Your task
Lower down are entries containing pictures. Copy exactly, without those pictures, the lines from the line with "The mathematical model" through the line with "This page presents".

Exercise data section start

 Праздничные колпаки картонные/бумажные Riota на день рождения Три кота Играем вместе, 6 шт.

Exercise data section end
Exercise data section start

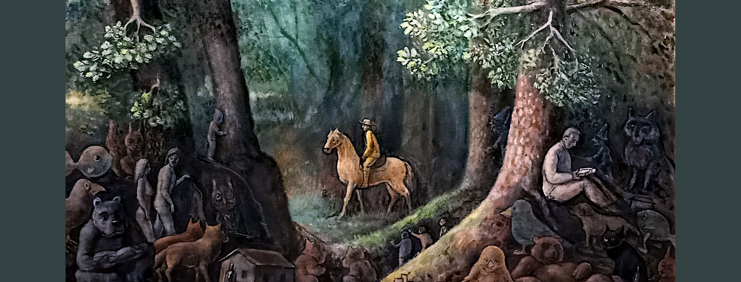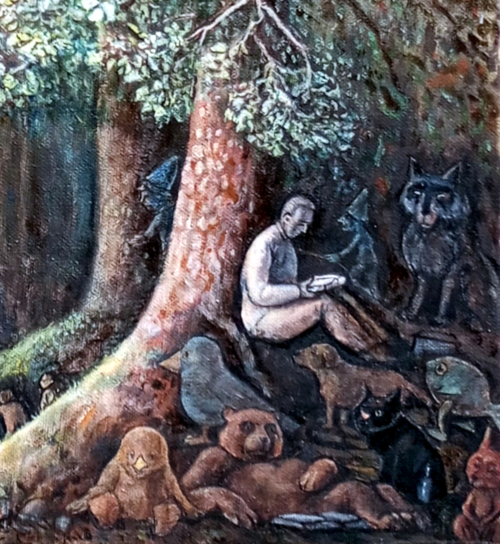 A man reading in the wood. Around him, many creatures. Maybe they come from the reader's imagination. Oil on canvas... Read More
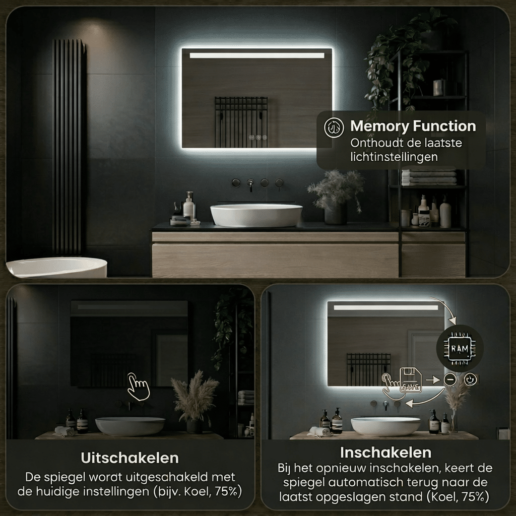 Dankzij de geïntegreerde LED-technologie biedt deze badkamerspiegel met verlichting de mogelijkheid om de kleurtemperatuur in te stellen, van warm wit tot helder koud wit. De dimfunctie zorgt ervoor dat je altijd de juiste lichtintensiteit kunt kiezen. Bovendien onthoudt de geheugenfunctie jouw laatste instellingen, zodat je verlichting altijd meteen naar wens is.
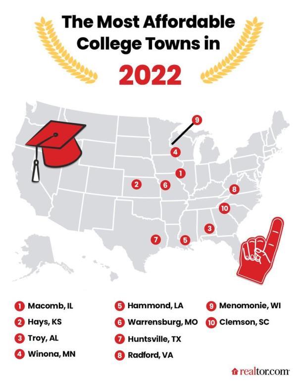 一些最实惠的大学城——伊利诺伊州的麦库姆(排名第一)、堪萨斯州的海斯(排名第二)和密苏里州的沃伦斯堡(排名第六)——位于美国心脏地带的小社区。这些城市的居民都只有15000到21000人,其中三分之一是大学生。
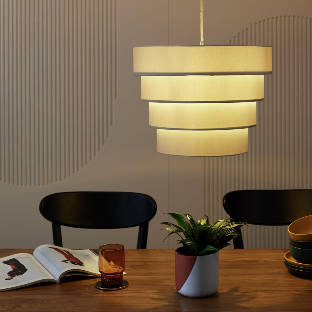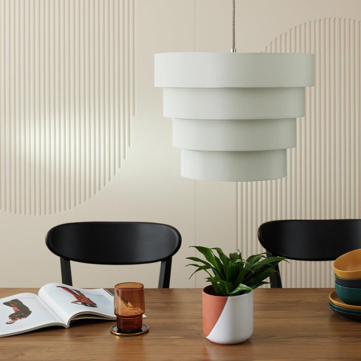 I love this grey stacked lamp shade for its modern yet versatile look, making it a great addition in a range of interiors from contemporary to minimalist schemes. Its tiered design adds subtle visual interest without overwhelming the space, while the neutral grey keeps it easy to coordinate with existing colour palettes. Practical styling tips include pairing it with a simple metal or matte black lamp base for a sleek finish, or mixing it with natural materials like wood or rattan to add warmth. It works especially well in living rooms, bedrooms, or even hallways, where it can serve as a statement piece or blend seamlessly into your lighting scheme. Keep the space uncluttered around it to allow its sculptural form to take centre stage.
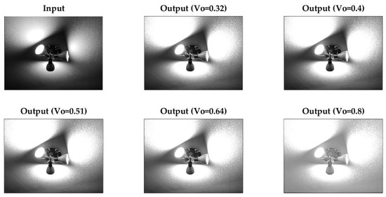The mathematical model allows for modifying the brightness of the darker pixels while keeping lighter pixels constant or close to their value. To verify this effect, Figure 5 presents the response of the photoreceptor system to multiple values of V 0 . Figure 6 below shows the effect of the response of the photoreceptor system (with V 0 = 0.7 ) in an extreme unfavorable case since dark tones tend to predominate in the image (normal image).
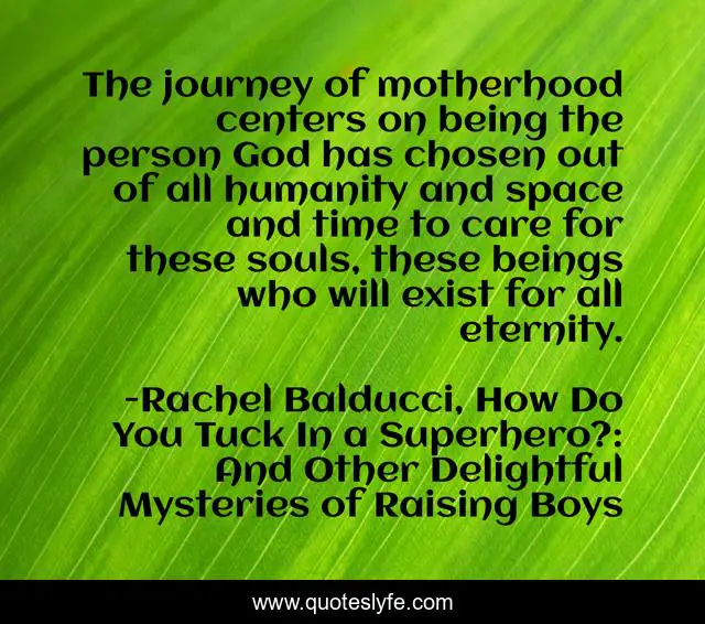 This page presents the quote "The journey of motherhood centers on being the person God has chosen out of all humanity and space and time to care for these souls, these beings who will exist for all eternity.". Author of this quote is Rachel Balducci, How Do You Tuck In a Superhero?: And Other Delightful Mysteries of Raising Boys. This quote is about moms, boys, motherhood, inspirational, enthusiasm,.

Exercise data section end

Answer space
The mathematical model allows for modifying the brightness of the darker pixels while keeping lighter pixels constant or close to their value. To verify this effect, Figure 5 presents the response of the photoreceptor system to multiple values of V 0 . Figure 6 below shows the effect of the response of the photoreceptor system (with V 0 = 0.7 ) in an extreme unfavorable case since dark tones tend to predominate in the image (normal image).
 This page presents the quote "The journey of motherhood centers on being the person God has chosen out of all humanity and space and time to care for these souls, these beings who will exist for all eternity.". Author of this quote is Rachel Balducci, How Do You Tuck In a Superhero?: And Other Delightful Mysteries of Raising Boys. This quote is about moms, boys, motherhood, inspirational, enthusiasm,.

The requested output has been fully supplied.